Objectors are this weekend planning two events to “Save the Nidd Gorge”, but the action is premature say North Yorkshire County Council.
The Nidd Gorge in Harrogate is hugely popular with dog walkers and the area was developed further with the opening of a greenway that runs from Starbeck through to Ripley.
The Bilton Conservation Group have been helping protect and maintain the rural environment of the Nidd since 1982. Most recently the group have been looking at the risk posed to the area with housing. Their approach has been to evaluate and develop a strategy involving engagement with the parties involved.
During January 2017, a further group was formed, under the banner of the Nidd Gorge Community Action. They have events planned this weekend with a display of the issues the area faces and a massed dog walk.
The area has been earmarked as a possible route for a relief road. The route would link Bilton Lane towards Killinghall, but the plans are in very early days – This is a County Council development, as part of their responsibility for Highways.
The area is also not a designated green space and, in the development of the local development plan, a possible area for future housing – This is a Borough Council development, as part of their responsibility to develop a local plan, identifying possible land for housing.
The action is premature say County Council as ideas and proposals are still in the very early stages of development.
North Yorkshire Council’s Executive member for Highways Don Mackenzie said:My advice to those who are manning the barricades is to calm down.
We are simply at the start of a very long process which is unlikely to lead to any new road for a very long time – say 10 years. If this new group wishes to remain in a state of high excitement for the next several years then so be it. But they should not be alarming local residents with bogus warnings of diggers arriving in the Nidd Gorge any time soon.
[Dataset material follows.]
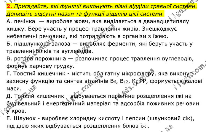 Пригадайте, які функції виконують різні відділи травної системи. Допишіть відсутні назви та функції відділів цієї системи. А. печінка — виробляє жовч, яка виділяється в дванадцятипалу кишку. Бере участь у процесі травлення жирів. Знешкоджує небезпечні речовини, які потрапляють в організм з їжею. Б. підшлункова залоза — виробляє ферменти, які беруть участь у травленні білків та вуглеводів. В. ротова порожнина — розпочинає процес травлення вуглеводів, формує харчову грудку. Г. Товстий кишечник - містить облігатну мікрофлору, яка виконує захисну функцію та синтез вітамінів В6, В12, К, РР, формується калові маси. Д. Тонкий кишечник - відбувається первинне розщеплення їжі на будівельний і енергетичний матеріал та адсорбія поживних речовин у кров. Е. Шлунок - виробляє хлоридну кислоту і пепсин (шлунковий сік), під дією яких відбувається розщеплення білків їжі.

The County Council has a duty to explore all options to reduce congestion on our existing highways network. One of those options is the construction of a relief road. Whether the Steering Group which I chair decides to recommend to the County Council that a new road is the right option remains to be seen. We will be studying a great deal of data provided by highways officers. If we decide it is, there will be consideration of which of the route options for that new road offer(s) the best solution to reducing congestion in both Harrogate and Knaresborough.
We are well aware of the importance of the Nidd Gorge and of the Nidderdale Greenway. The self-styled saviours of Nidd Gorge should remember that two members of the Steering Group – Michael Harrison and I – were the elected members who drove what was then called the Bilton to Ripley Cyclepath through to its final realisation. Having devoted so much time from 2006 to 2011 on the project, we are not intent now upon causing it damage.
Similarly, we recognise the importance of the Nidd Gorge as a green space between Harrogate and Knaresborough. Any decision on a preferred route – which would only be taken after detailed consideration of all factors, and after keeping all residents fully informed – would take environmental issues foremost into account.
We are also aware that problems of congestion can be tackled by persuading people to abandon their cars and take to their bicycles or to their feet, but there are many residents who believe that is not a practicable and total answer. Most residents are of the opinion that at the same time improvements need to be made to the highways infrastructure and it is perfectly understandable why they should think so.
Having listened to the views of many Bilton residents over many years, most express their concerns about ever-rising levels of congestion on Skipton Road. We owe it to them and to all our residents to tackle that problem by exploring all options.
It has not been able to obtain comment from the Nidd Community Action Group.